Posted: Sun Dec 23, 2007 7:34 pm
by Randy Perry
Ozzy Osbourne - Metal’s Heavy is the patron saint of rock guitar
Source: Guitar for the practicing musician, October 1984


The biggest battle I had with Sabbath was that I don’t play an instrument so I have to hum my musical ideas. They never had the patience to try and listen to where I was coming from. Randy Rhoads was the first guy who ever sat down with me and listened to my humming and worked with it. For instance, with suicide solution I was walking past Randy’s dressing room and he was just knocking around. I said, "What a great riff!’ He said, "What riff?’ I said, ‘What you just played.’ So we worked it out and had a song.

Before Randy came along I was at the point of giving up hope. As the ex-singer for Black Sabbath, people who auditioned were trying to lay this number on me. But I say if you’ve got the looks and the attitude the rest will follow. I mean, if they were crap guitar players it was - get on your bike and don’t waste my time.

Randy came along and he was such a gentle person. He would offer his seat to a lady. He also had a style as a guitarist, and you don’t have to sit there for three hours to realize a man’s got class and style. Randy was one of the classiest individuals I’ve ever had the privilege of knowing. He was also very deeply into music. I would say, ‘Randy I’m stumped on this section and we’re gonna need a track for the album and it’s driving me nuts.’ He’d say, ‘Don’t worry we’ll get one.’

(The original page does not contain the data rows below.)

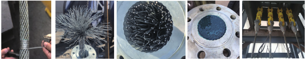 2. Cold casting does not require high temperature. It is convenient to cast and use it.-40 °-+90 can be used. Steel wires are not treated at high temperature, which can ensure that the toughness and tension of steel wire are not reduced. The root steel wire of the roots does not melt off. The wire rope is broken for 100% without losses!
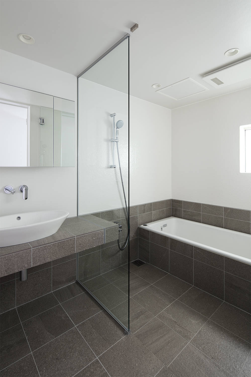 直角三角形の隙間は、玄関ポーチの吹き抜けや各部屋のバルコニーになると同時に、床面積や建築面積を許容範囲に収めるための、いわば引き算の空間にもなっている。外側の正方形平面をすべてそのまま建物として立ち上げると、予算から想定した床面積や法定の建蔽率をオーバーしてしまうからだ。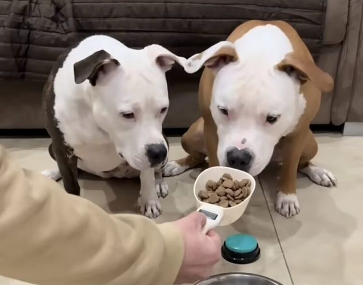 ご飯の量を測っている飼い主さん。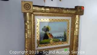 Hand painted on glass cottage on the lake scenery mirror. Some discoloration to the mirror. Approx. 31" x 16". Art is by Tosa Mitsuoki 1617-1691 Titled: Quails & Flowers, Museum of Asiatic Art Amsterdam approx. 17" square.

I think Randy’s high point on the Blizzard album was the guitar solo on Revelation (Mother Earth). It was a step forward for him. You know when you’ve got something in the studio, and Randy knew straight down the line. He knew what he wanted. On our first British tour he wasn’t getting the sound that made him feel good and he would scream and go nuts until he got that sound. We had a pedal board custom designed to his specifications. He talked to the guy for hours until it was exactly what he wanted. Where a lot of guitarists know what they want but not how to get there, he knew everything about how he wanted to sound. He was a very professional artistic man. Randy was as much of an artist as a painter. He was pictorial in his playing

Diary was recorded soon after Blizzard because of what the record company wanted. When you’re going out on the road there is never enough time to record and you end up making big mistakes. You put things down just because you’re going out. We recorded Diary quickly. I hate being in a recording studio to begin with, but working with Randy and Bob Daisley was a new and refreshing experience for me. I was working with guys that didn’t have to do it, they wanted to do it. I got that old spark again. Diary was the better of the two albums as songs go. The mix wasn’t too clever but we weren’t there for the mix, we were back out on the road.

Randy said that he wasn’t happy with his solos on Diary, but every guitar player that you’ve ever met will be critical of his solos. I’ve yet to meet a guitarist who has said, I’m great on this track. They always put themselves down. I said to Randy, for God’s sake you’ve got the greatest a person can have; you can play an instrument. Play it and love what you play. But it’s like any recording artist is never 100% happy. When they give me a platinum album I say yeah, it works. Whether I like it or not because it’s beside the point.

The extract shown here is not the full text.